In each work, a summary of the methods and a few
highlights of the approaches are given.
Rainer Lienhart and Axel Wernicke[1] proposed a
novel method for localizing and segmenting text in complex
images and videos. Text lines are identified by using a
complex-valued multilayer feed-forward network trained to
detect text at a fixed scale and position. The network‟s
output at all scales and a position is integrated into a single
text-saliency map, serving as a starting point for candidate
text lines. In the case of video, these candidate text lines are
refined by exploiting the temporal redundancy of text in
video. Localized text lines are then scaled to a fixed height
of 100 pixels and segmented into a binary image with black
characters on white background. For videos, temporal
redundancy is exploited to improve segmentation
performance. Input images and videos can be of any size
due to a true multi-resolution approach. Moreover, the
system is not only able to locate and segment text
occurrences into large binary images, but is also able to
track each text line with sub-pixel accuracy over the entire
occurrence in a video, so that one text bitmap is created for
all instances of that text line.
KwangIn Kim and Keechul Jung [2] proposeda
novel texture-based method for detecting texts in images. A
support vector machine (SVM) is used to analyze the
textural properties of texts. No external texture feature
extraction module is used; rather, the intensities of the raw
pixels that make up the textural pattern are fed directly to
the SVM, which works well even in high-dimensional
spaces. Next, text regions are identified by applying a
continuously adaptive mean shift algorithm (CAMSHIFT)

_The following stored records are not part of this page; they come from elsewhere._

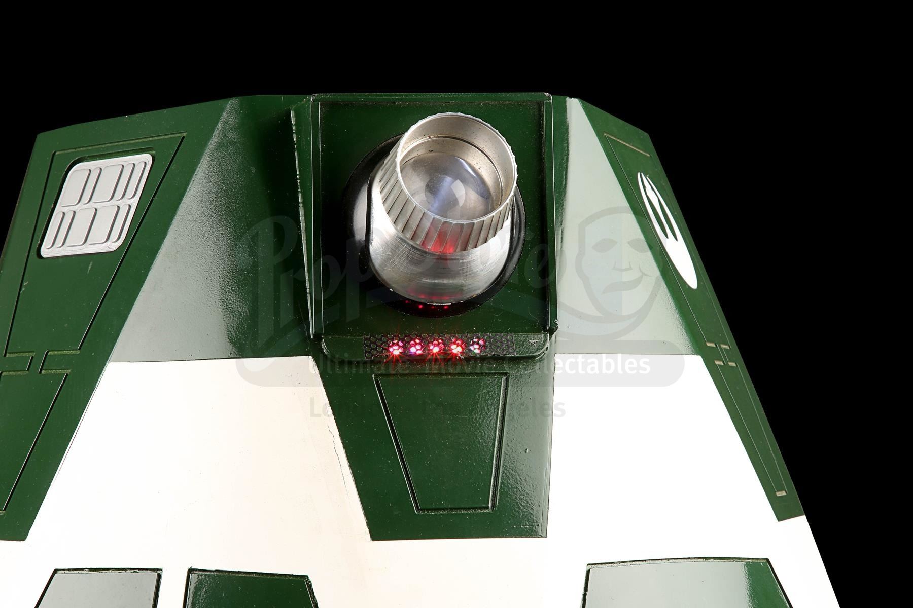 The dome is intentionally distressed in places to look worn and well used, in keeping with George Lucas' "used future" concept, like much of the technology and weaponry of the Resistance. This includes damage to the white paint on the lower ring. There is additional wear from production use, such as scuffing and scratches. The lot is accompanied by a copy of Star Wars: The Last Jedi ۠The Visual Dictionary and an official Disney toy set featuring R4-X2 and another droid, Y5-X2. Dimensions: 40 cm x 40 cm x 38 cm (15 3/4" x 15 3/4" x 15")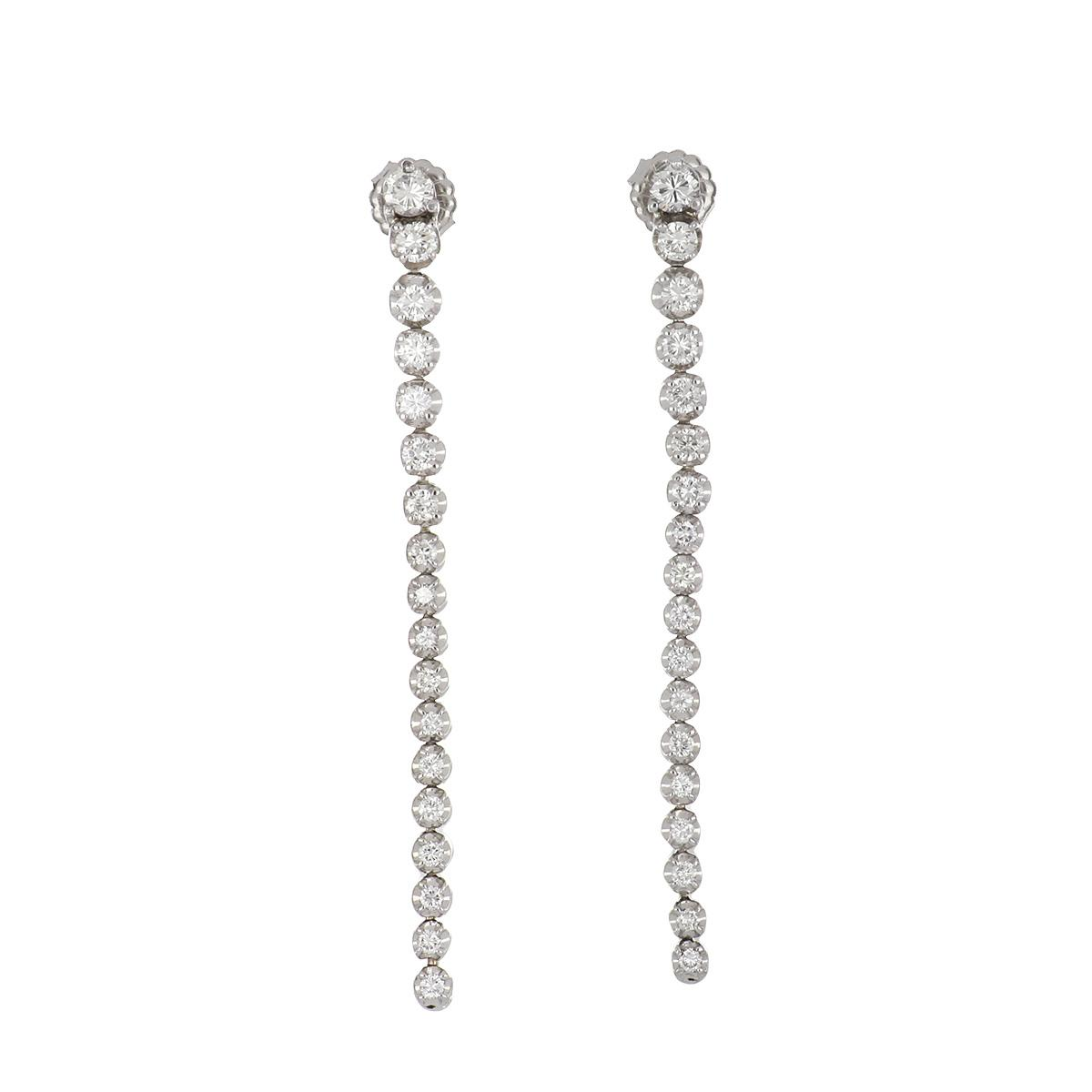 A pair of one-of-a-kind round brilliant-cut diamond graduated line drop earrings, set in 14K white gold. Crafted from Art Deco components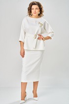 Костюм женский двойка с брюками клеш из джинса. Костюм состоит из блузона и брюк, блузон свободного кроя асимметричный, перед асимметричный с V-образным вырезом и отложным лацканом, рукав втачной 3/4 с широкой манжетой по низу. Спинка изделия разрезная с кокеткой. Брюки клеш с небольшим расширением низу, с завышенной посадкой на притачном поясе, в боковых швах расположены карманы, застежки молния на гульфике и петля пуговица на поясе.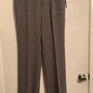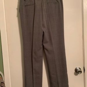 These pants are charcoal gray with very pale pink pin stripes. Fabric content is 63% polyester/33% rayon/4% spandex. They are a size 10 and have a 32” inseam. New condition with no rips tears or stains. Smoke free but pet friendly home.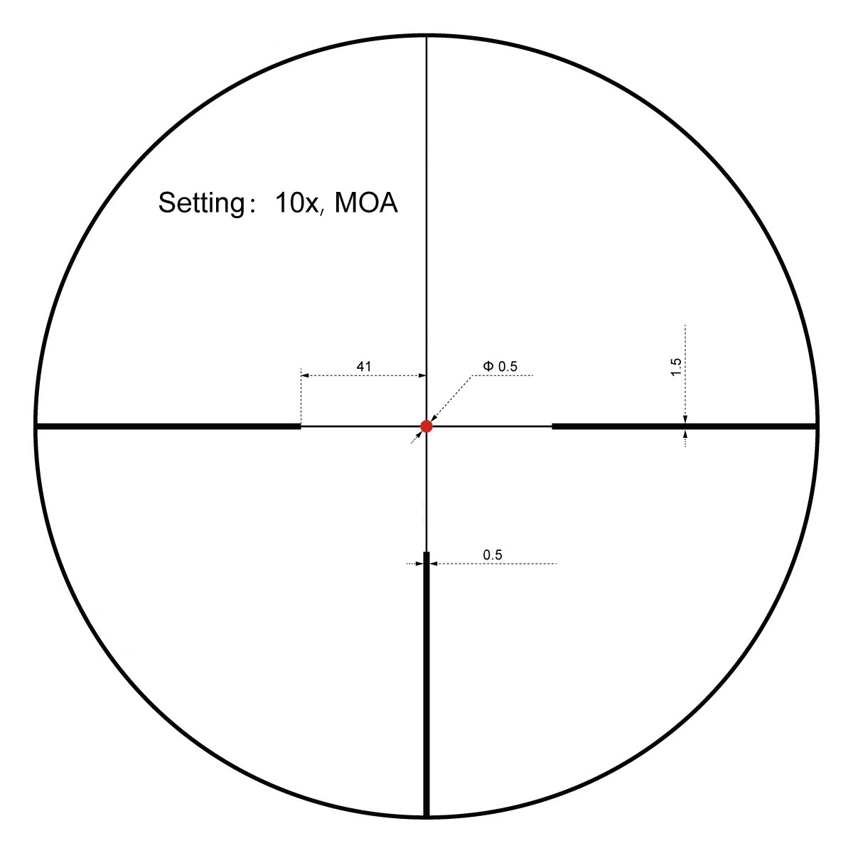 Сетка Fiber center dot или VECNS-G4F (10x, SFP, MOA) — одна из оригинальных модификаций German #4: с тремя тонкими длинными «пеньками» и тонким же перекрестьем с точкой 0,5 MOA. Расстояние от любого «пенька» до центра 41 MOA. Метка чисто охотничья, в фокальной плоскости окуляра (правильные размеры на 10x), без «обвеса» в виде баллистической разметки, с возможностью быстрого прицеливания по точке. Вместо классического LED элемента для подсветки используется красное оптоволокно, как в оптоволоконных мушках. Это позволяет сделать «точку» намного ярче и заметней на свету и в темноте, в особенности в условиях крайне яркой внешней освещённости. Питание обычное, от батарейки, уровней яркости 11, так что и регулировка более плавная, чем у прицелов с 6 уровнями яркости.
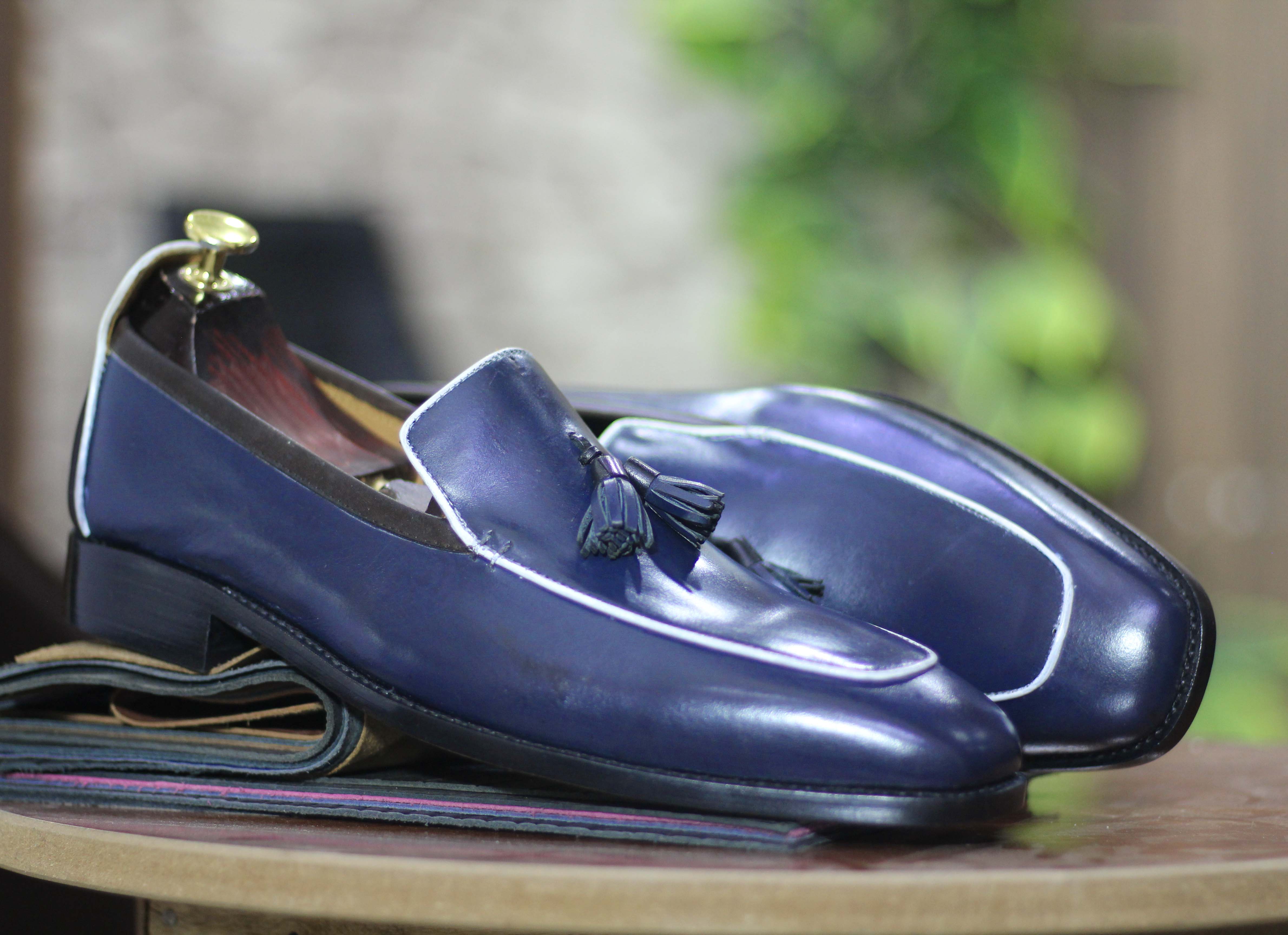 Handmade Blue Tasselled Leather Loafers For Men's Classic Foot Wear

to the results of the texture analysis. The combination of
CAMSHIFT and SVMs produces both robust and efficient
text detection, as time-consuming texture analyses for less
relevant pixels are restricted, leaving only a small part of
the input image to be texture-analyzed.
Lifang GU [3] proposed an efficient algorithm for
detecting and extracting text directly in MPEG video
sequences. Most existing methods for text detection in
video usually operate on raw pixel data and only output the
location of the detected text regions in a single frame. Our
algorithm makes use of the features encoded in compressed
data to perform fast text detection. Motion information and
the characteristics of text region continuity in multiple
frames are then used to fine-tune the detected candidate text
regions. Furthermore, characters are reliably extracted by
an adaptive thresholding method after applying some noise
reduction filtering in multiple frames. Such extracted
characters can be directly fed into a conventional OCR
system for recognition. Experimental results on several
video sequences show that the proposed algorithm is able to
detect and extract text in MPEG video sequences with
various scene complexities.
David Crandall and Sameer Antani[4] proposed an
approach to extract text appearing in video, which often
reflects a scene‟s semantic content. This is a difficult
problem due to the unconstrained nature of general-purpose
video. Text can have arbitrary color, size, and orientation.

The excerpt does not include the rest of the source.